Walter died in early 1174. His and Eschiva's sons were still minors. Eschiva, the greatest heiress in the kingdom, thus became the most eligible woman too. She soon married Count Raymond III of Tripoli. The historians Bernard Hamilton and Malcolm Barber date Eschiva's marriage to Raymond to the beginning of Raymond's regency on behalf of the young King Baldwin IV, who had succeeded upon the death of King Amalric in July 1174. Lewis points to the account of the contemporaneous chronicler Ernoul, who writes that the marriage was arranged by Amalric. The marriage to Eschiva made Raymond the most powerful baron in the Kingdom of Jerusalem. Eschiva and Raymond did not have any children. The chronicler William of Tyre reports that Raymond was a faithful and loving husband and a dedicated stepfather to Eschiva's children.

==Governance==
By 1177, Eschiva's sons Hugh and William had reached adulthood. Raymond was apparently absent from Tiberias from 1180 to 1182. The historian Kevin Lewis assumes that Eschiva, her sons, or her constable were left in charge of Tiberias during this time.

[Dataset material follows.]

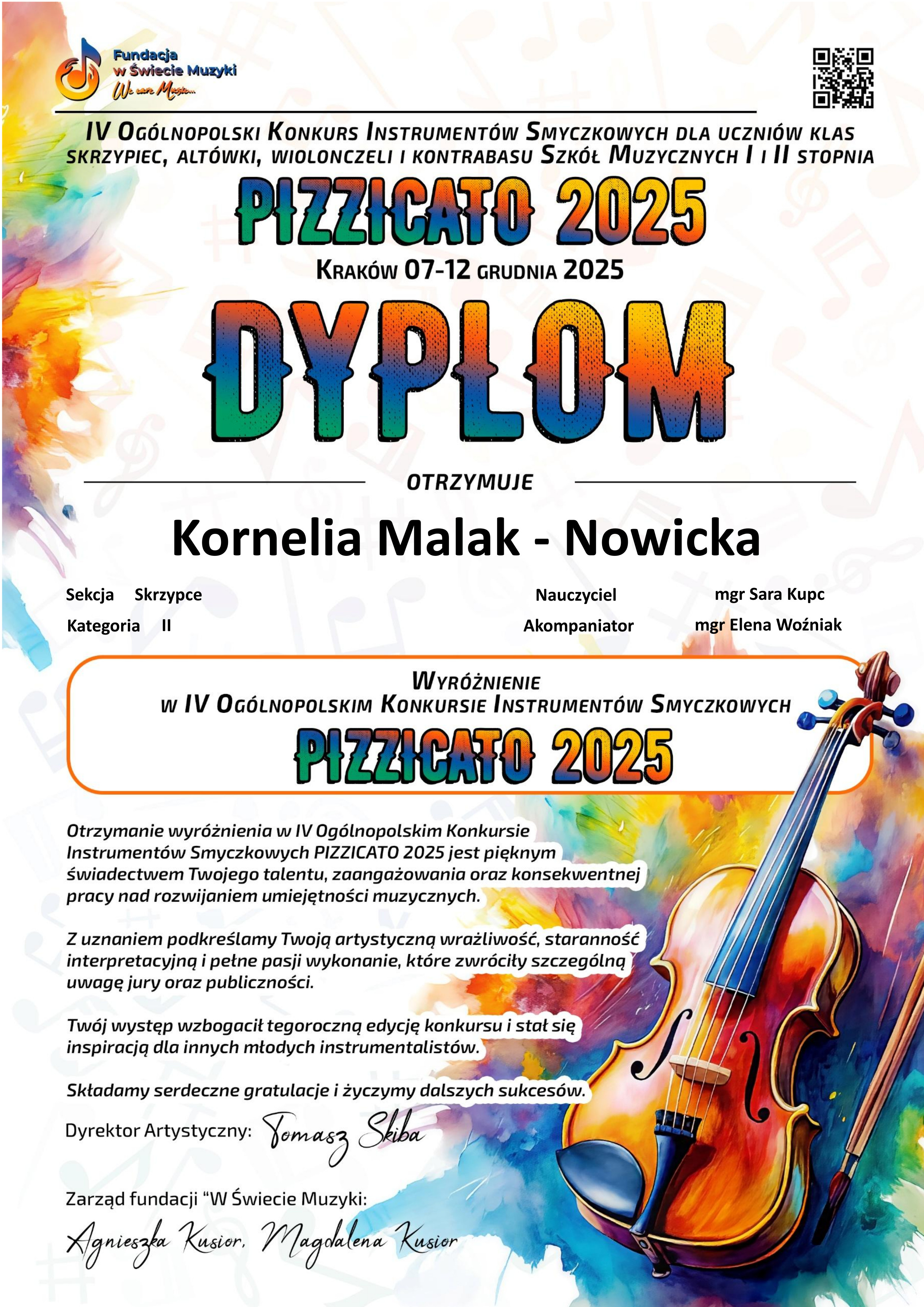 W dniach 07-12 grudnia 2025 odbywał się IV Ogólnopolski Konkurs Instrumentów Smyczkowych "PIZZICATO 2025". W konkursie wzięły udział dwie nasze uczennice: Wiktoria Rzeszotek z klasy wiolonczeli pani Kingi Babij i Kornelia Malak-Nowicka z klasy skrzypiec pani Sary Kupc. Obie odniosły sukcesy w swoich kategoriach:

Upon the death of King Baldwin V in 1186, Raymond appears to have intended to claim the throne. He was thwarted by the young king's mother, Sibylla, who staged her own coronation and proceeded to crown her husband, Guy of Lusignan. Tensions grew between Count Raymond and King Guy: the former requested help from Saladin, the Muslim ruler of Egypt, and Tiberias was defended by Saladin's forces. In early 1187, it became clear that Saladin was preparing to attack the kingdom. After a Christian army was annihilated by Saladin's forces at the battle of Cresson in May, Raymond's reputation collapsed. Arab chroniclers report that the leaders of the kingdom threatened to have him excommunicated and his marriage with Eschiva annulled. He therefore submitted to Guy. Raymond left Tiberias in May to join the king's forces at Sepphoris. He instructed Eschiva and her bailifs that, if they should find themselves unable to defend Tiberias from Saladin, they should board their boats and wait for him in the Sea of Galilee. Raymond took with him all the knights of Galilee, including Eschiva's four sons, leaving her with only the town's garrison to protect her.

The Principality of Galilee was the first target of Saladin's anticipated invasion. In the morning of 2 July, he laid siege to Tiberias. Eschiva sent a messenger on horseback to Sepphoris to inform the king, the count, and the barons that the Muslims were about to storm the town; the town indeed fell by noon, forcing Eschiva and her subjects to retreat into the citadel. The messenger arrived to Sepphoris in the evening. The men there could not agree on whether they should attack the Muslims to lift the siege. Raymond counselled against intervention, trusting in the fortification and garrison of Tiberias. He was condemned by his peers as an unchivalrous coward for risking the lives of his wife and her household. Eschiva's sons were anxious to rescue their mother. King Guy, advised by the master of the Knights Templar, Gerard of Ridefort, decided to head towards Tiberias to face the Muslims. This decision proved disastrous for them: on 4 July, the Christian army was destroyed at the battle of Hattin.

Believing that her husband and sons were killed, Eschiva started negotiating terms of surrender with Saladin. She offered to surrender the citadel of Tiberias to Saladin in return for a safe conduct to Tripoli "for herself, her children, her followers and her possessions". Lewis argues that these children could not have been her four adult sons but either daughters or undocumented younger sons by Walter. Saladin granted this, and Eschiva surrendered Tiberias on 5 July. According to Baha ad-Din ibn Shaddad, 4,000 people left Tiberias with Eschiva. As it turned out, Raymond had survived by fleeing the battlefield. One of Eschiva's sons was captured, but others fled with Raymond. The couple reunited either in Tyre or in Tripoli. Raymond died there in late summer, likely in September. By that time, the kingdom had been lost. Eschiva disappears from historical record in 1187.